-- DATA SHOWN follows --
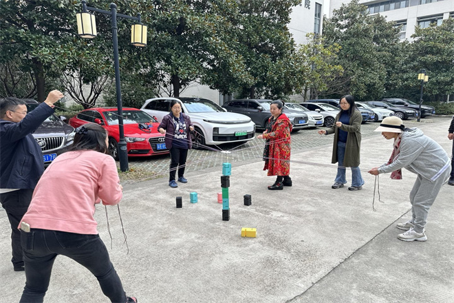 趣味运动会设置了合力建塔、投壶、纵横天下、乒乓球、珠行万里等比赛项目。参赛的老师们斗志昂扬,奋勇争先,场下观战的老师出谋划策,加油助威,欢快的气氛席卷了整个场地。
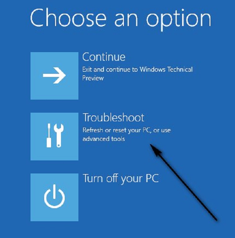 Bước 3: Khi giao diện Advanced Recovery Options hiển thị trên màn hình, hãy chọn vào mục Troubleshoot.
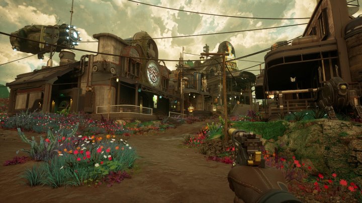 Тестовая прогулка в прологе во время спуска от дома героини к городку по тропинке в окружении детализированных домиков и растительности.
-- DATA SHOWN concluded --
-- DATA SHOWN follows --
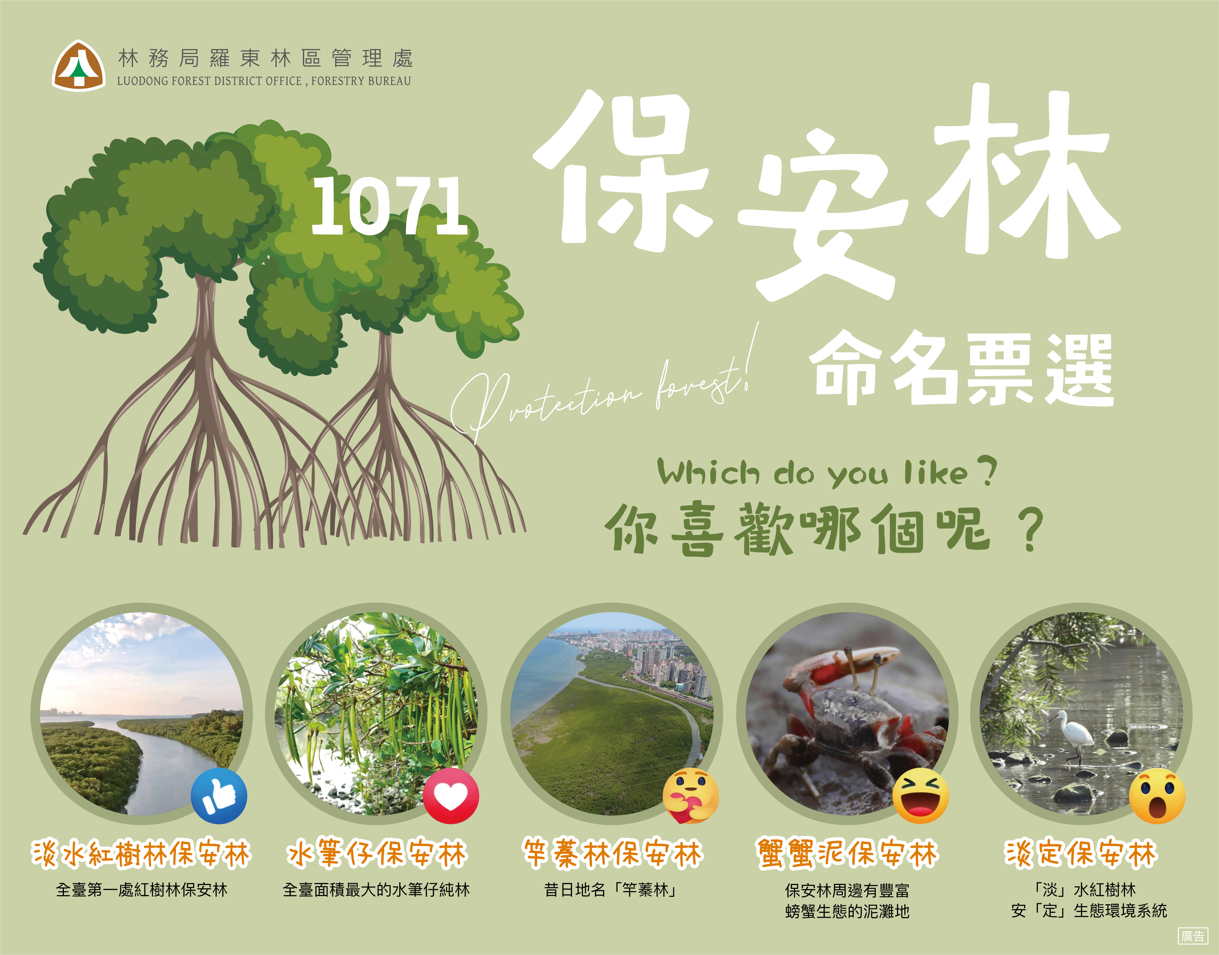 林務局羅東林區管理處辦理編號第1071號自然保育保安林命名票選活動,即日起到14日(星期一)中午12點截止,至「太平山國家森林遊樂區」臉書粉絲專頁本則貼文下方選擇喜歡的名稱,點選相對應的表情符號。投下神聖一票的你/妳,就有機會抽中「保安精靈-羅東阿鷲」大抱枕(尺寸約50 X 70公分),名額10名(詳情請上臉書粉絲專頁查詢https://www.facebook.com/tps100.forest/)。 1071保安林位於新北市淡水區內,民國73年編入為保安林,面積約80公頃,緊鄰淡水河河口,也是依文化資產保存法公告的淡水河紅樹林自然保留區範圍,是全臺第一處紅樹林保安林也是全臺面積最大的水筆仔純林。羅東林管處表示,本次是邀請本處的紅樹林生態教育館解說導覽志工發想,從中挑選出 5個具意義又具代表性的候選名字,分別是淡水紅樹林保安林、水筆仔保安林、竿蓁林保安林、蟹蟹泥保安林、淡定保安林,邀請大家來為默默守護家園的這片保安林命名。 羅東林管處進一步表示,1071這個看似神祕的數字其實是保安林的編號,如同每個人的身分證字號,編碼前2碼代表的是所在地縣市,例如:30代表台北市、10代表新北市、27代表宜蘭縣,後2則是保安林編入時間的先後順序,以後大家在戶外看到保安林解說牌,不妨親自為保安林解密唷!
-- DATA SHOWN concluded --
-- DATA SHOWN follows --
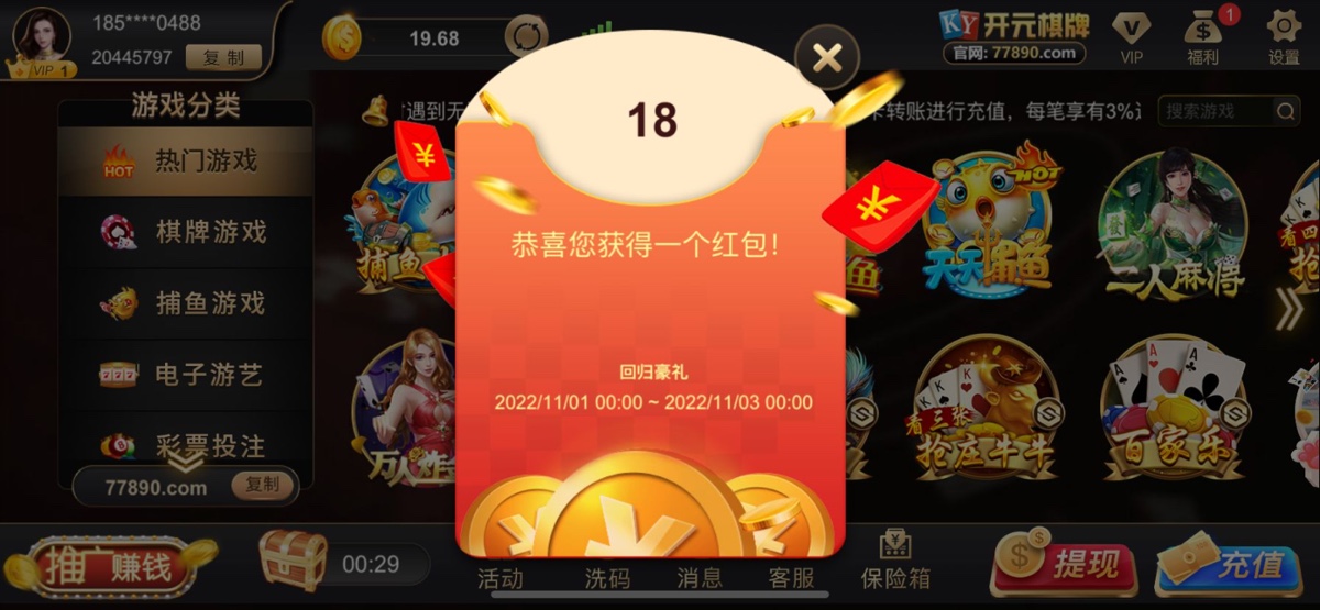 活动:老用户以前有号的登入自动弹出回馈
-- DATA SHOWN concluded --
*ASSIGNED TASK*. Copy everything above from the line holding "Bước 3: Khi" down to the line holding "Тестовая прогулка в", both ends included, exactly as it stands and without the pictures.

*OUTPUT FOR THIS EXERCISE*.
 Bước 3: Khi giao diện Advanced Recovery Options hiển thị trên màn hình, hãy chọn vào mục Troubleshoot.
 Тестовая прогулка в прологе во время спуска от дома героини к городку по тропинке в окружении детализированных домиков и растительности.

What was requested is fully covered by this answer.